● **Task to carry out**: Without the images, print every line of the material below exactly as given.

● **Data excerpt**:
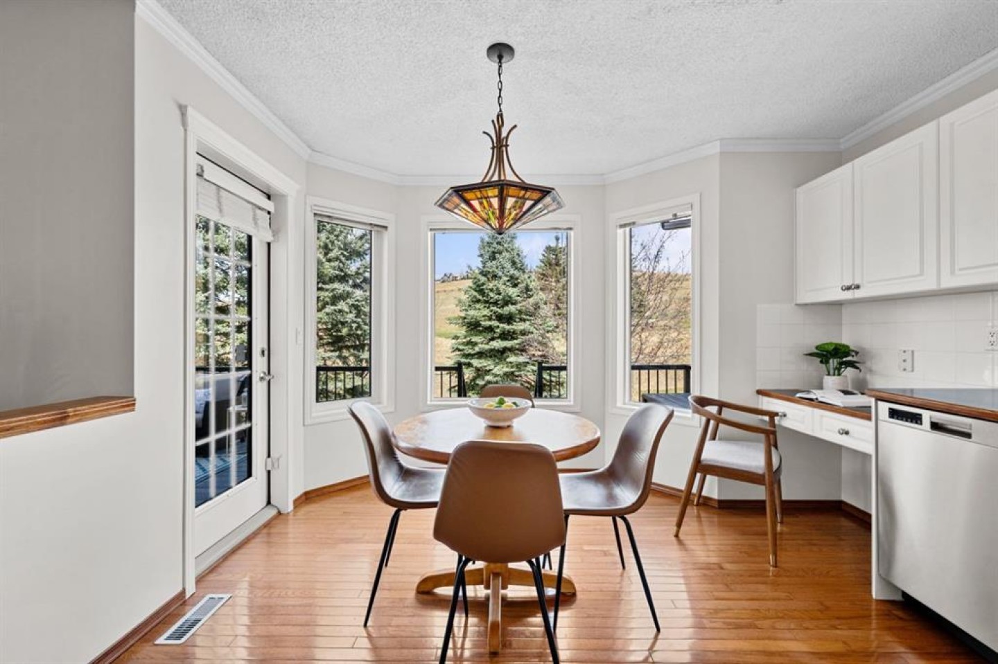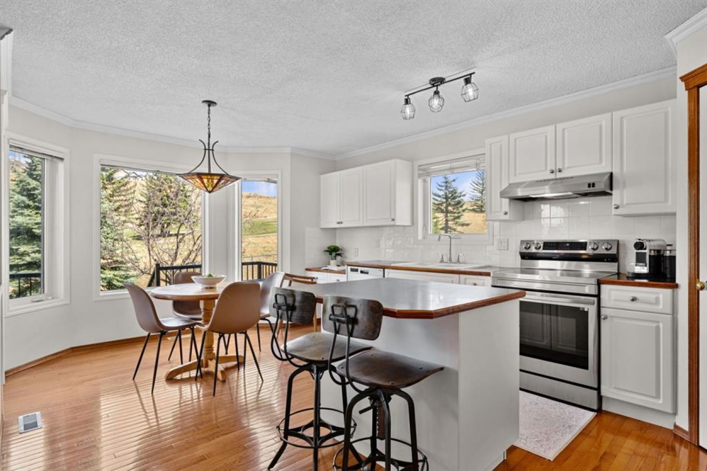 Welcome to this BEAUTIFUL HOME offering OVER 2000 sq. ft of finished living space and FIVE bedrooms, perfectly located in the sought after community of Gleneagles. Backing directly onto the FAIRWAYS OF THE GLENEAGLES GOLF COURSE. This property offers peaceful views, and a backyard retreat surrounded by beautifully landscaped grounds and no neighbours directly behind you. Step inside to a grand entrance with soaring VAULTED ceilings, creating an immediate sense of space and allowing an abundance of natural light to fill the home. The main floor features a formal living room and dining area perfect for entertaining family and friends. Towards the back of the home, you'll find a warm and inviting family room with a beautiful FIREPLACE, seamlessly connected to the kitchen. The kitchen features NEW STAINLESS STEEL APPLIANCES, ample storage and a convenient built-in desk space. The cozy kitchen nook offers the perfect vantage point to enjoy your morning coffee/tea while overlooking the meticulously maintained backyard oasis, featuring mature trees, garden boxes and a cozy fire pit seating area to enjoy those relaxing evenings. Upstairs the primary bedroom features a walk-in closet and a 5 piece ensuite bathroom along with two more spacious bedrooms and a full bathroom. From the second level. you can even enjoy the Breathtaking MOUNTAIN VIEWS. The Lower level offers a large sound proofed bedroom plus a newly upgraded 2nd bedroom/office space. Recent Upgrades include - a NEW ROOF (4 years), Hot Water Tank (3 years), Stainless Steel Appliances including washer/dryer (3 years), fireplace (1 year). Gleneagles offers quick access to Calgary while maintaining the quiet scenic charm that Cochrane is known for. Residents enjoy access to the towns extensive pathway system, with GLENBOW RANCH Provincial Park just minutes away, featuring breathtaking biking and walking trails overlooking the Bow River. Privacy and Tranquility await. Book your showing today and let this exceptional property speak for itself.
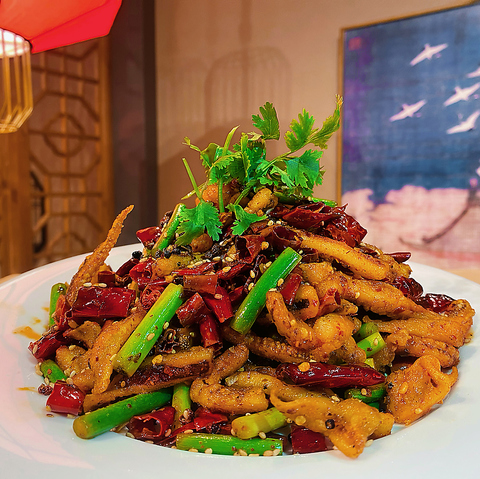 唐辛子は食べず、香りと旨みを纏った鶏肉を味わう料理になります!唐辛子と花椒の香りをお愉しみください。
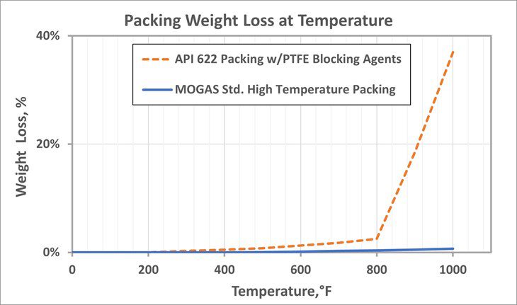 As clearly shown in Figure 4, the weight loss of the API 622 Packing increases exponentially over 800oF/427oC, while the standard high temperature packing weight loss remains linear and is much lower at the actual operating temperatures of heavy oils applications since it does not contain any PTFE blocking agents. What the graph cannot illustrate is the effect of the initial packing box pressure (internal packing stress) which is required to be typically twice as high for the API 622 packing.
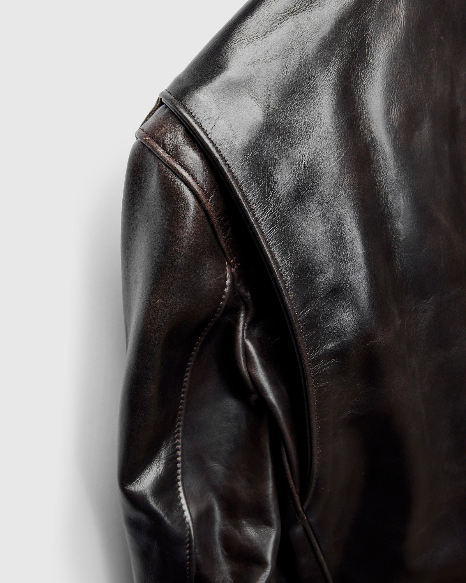 • The 688 Racer Jacket from Schott NYC is based on classic single rider center-zip motorcycle jackets, featuring minimalist details with maximum functionality. The rich, dark-brown cowhide leather is among the sturdiest and stiffest in Schott's collection, but is built to break in with wear and last a lifetime. With over a century of leather sewing and design expertise, Schott proudly makes this jacket from beginning to end in the USA.

● **Exercise output**:
 Welcome to this BEAUTIFUL HOME offering OVER 2000 sq. ft of finished living space and FIVE bedrooms, perfectly located in the sought after community of Gleneagles. Backing directly onto the FAIRWAYS OF THE GLENEAGLES GOLF COURSE. This property offers peaceful views, and a backyard retreat surrounded by beautifully landscaped grounds and no neighbours directly behind you. Step inside to a grand entrance with soaring VAULTED ceilings, creating an immediate sense of space and allowing an abundance of natural light to fill the home. The main floor features a formal living room and dining area perfect for entertaining family and friends. Towards the back of the home, you'll find a warm and inviting family room with a beautiful FIREPLACE, seamlessly connected to the kitchen. The kitchen features NEW STAINLESS STEEL APPLIANCES, ample storage and a convenient built-in desk space. The cozy kitchen nook offers the perfect vantage point to enjoy your morning coffee/tea while overlooking the meticulously maintained backyard oasis, featuring mature trees, garden boxes and a cozy fire pit seating area to enjoy those relaxing evenings. Upstairs the primary bedroom features a walk-in closet and a 5 piece ensuite bathroom along with two more spacious bedrooms and a full bathroom. From the second level. you can even enjoy the Breathtaking MOUNTAIN VIEWS. The Lower level offers a large sound proofed bedroom plus a newly upgraded 2nd bedroom/office space. Recent Upgrades include - a NEW ROOF (4 years), Hot Water Tank (3 years), Stainless Steel Appliances including washer/dryer (3 years), fireplace (1 year). Gleneagles offers quick access to Calgary while maintaining the quiet scenic charm that Cochrane is known for. Residents enjoy access to the towns extensive pathway system, with GLENBOW RANCH Provincial Park just minutes away, featuring breathtaking biking and walking trails overlooking the Bow River. Privacy and Tranquility await. Book your showing today and let this exceptional property speak for itself.
 唐辛子は食べず、香りと旨みを纏った鶏肉を味わう料理になります!唐辛子と花椒の香りをお愉しみください。
 As clearly shown in Figure 4, the weight loss of the API 622 Packing increases exponentially over 800oF/427oC, while the standard high temperature packing weight loss remains linear and is much lower at the actual operating temperatures of heavy oils applications since it does not contain any PTFE blocking agents. What the graph cannot illustrate is the effect of the initial packing box pressure (internal packing stress) which is required to be typically twice as high for the API 622 packing.
 • The 688 Racer Jacket from Schott NYC is based on classic single rider center-zip motorcycle jackets, featuring minimalist details with maximum functionality. The rich, dark-brown cowhide leather is among the sturdiest and stiffest in Schott's collection, but is built to break in with wear and last a lifetime. With over a century of leather sewing and design expertise, Schott proudly makes this jacket from beginning to end in the USA.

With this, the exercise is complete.